Second, the slope of the regression line, around .147, tells us what to expect from gaining meters. So for every meter a team outgains their opponent, you’d expect an additional .147 points on the scoreboard. For example, if you outgain your opponent by 100 meters, you’d expect to win by 14 to 15 points.

Knowing that expectation can guide decision making. If a team is outgaining their opponents but losing, they may be the victim of some bad luck. That bad luck could come in the form of turnovers near either tryline or some uncharacteristic missed conversions. A team could easily lose their two Sunday matches while outgaining their opponent, and without the above knowledge the coach may deem the tournament a failure and make knee-jerk changes. Whereas if they continue to play as they did, and continue to outgain their opponents, in the long run the team will be successful and win similar games in the future.

I should make it clear that “bad luck” events do matter and definitely affect the outcome of the game they occur in. But there’s a good chance these events are not as indicative of future results as other metrics, such as meters gained.

Plotting Meters Gained and Conceded

I’ve been interested in visualizing the relationship between meters gained or conceded and overall team success. My data shows that the best teams gain the most meters and concede the fewest. This makes sense even without the numbers; teams need to move the ball towards the opposition try line to score.

I also was interested in seeing how teams were trending in meters gained and conceded. Do these trends help illustrate personnel or tactical changes within teams? I went ahead and plotted the figure below.

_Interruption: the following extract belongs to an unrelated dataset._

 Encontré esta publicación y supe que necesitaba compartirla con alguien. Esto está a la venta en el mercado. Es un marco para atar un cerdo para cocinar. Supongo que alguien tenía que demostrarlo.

There’s a lot going on so I’ll make sure things are clear. First, I’ve created the same plot for each core team with the same scales for easy comparison between teams. I eliminated non-core teams since their low number of games created noisy and truncated graphs. The dots display meters gained (blue) and meters conceded (green) for each game played this year. The lines show the teams’ trends across the games. Games are displayed in chronological order left to right; Dubai is on your left and the most recent games in Hong Kong are on the right. The colored vertical shading represents individual tournaments.

Take Russia for example. Their meters conceded in defense (green dots and line) were very poor in Dubai. But they improved and from Sydney on, have mostly remained the same. On the other side of the ball, in attack, they were poor in Dubai as well. But they improved, culminating in a Challenge Trophy victory in Sydney, before dropping off again.

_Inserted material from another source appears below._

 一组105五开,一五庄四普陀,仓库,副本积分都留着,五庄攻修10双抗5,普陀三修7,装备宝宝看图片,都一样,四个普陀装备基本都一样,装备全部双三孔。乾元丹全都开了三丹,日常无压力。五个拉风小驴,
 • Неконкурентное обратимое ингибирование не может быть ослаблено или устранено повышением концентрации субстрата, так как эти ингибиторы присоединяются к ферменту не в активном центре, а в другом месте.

England and Fiji have been notably consistent in their success. Both have maintained what looks to be an average 50-75 meter per game advantage over their opponents. Meanwhile, the series-leading Blitzboks were incredible to start the season, but have seen a consistent increase in meters conceded and more recently, a decline in their meters gained. Their loss of advantage in meters gained and conceded correlates with some of their worst results of the season. In their Hong Kong semi-final they needed overtime to get by the USA before suffering their worst defeat of the year, 22-0 to Fiji in the final.

Australia is another interesting case. En route to bronze in Hong Kong, they managed victories over England, Argentina, and the USA all while being out-gained in meters. Considering the wide variation in meters gained and conceded from game to game, their wins could be the result of pure luck, rather than some team tactic that involves scoring without gaining meters. I would not have seen this without the chart above and it’s something to keep an eye on in Singapore.

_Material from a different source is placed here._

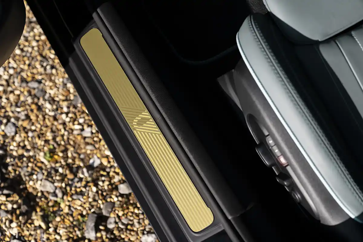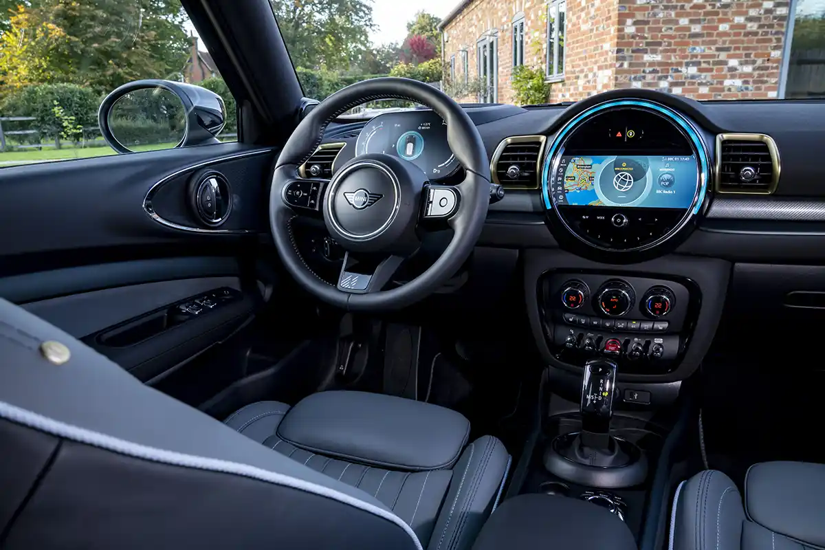 The black sports seats in the MINI Yours Leather Lounge Carbon Black version transfer the confident aura of the exterior to the interior. Illuminated accent strips and exclusively designed interior surfaces with a discreet striped pattern, combined with the surrounds of the air vents reminiscent of refined brass, set noble accents.

I think this chart has promise and I’ll likely reproduce it after future tournaments. It helps illustrate overall team success and failure through the series and provides a quick comparison between teams. Trends can be noticed quicker than with tabular data and this same display with different metrics could provide similar insight.

P.S. – Technical Mechanics
I do nearly everything in Python and the above chart was created using FacetGrid and RegPlot from the Seaborn library. My first attempt was with Seaborn’s lmplot (which is a combination of FacetGrid and RegPlot) but I was having trouble creating the colored vertical bands. Not saying it’s not possible to do it with lmplot but I solved it by building the FacetGrid myself.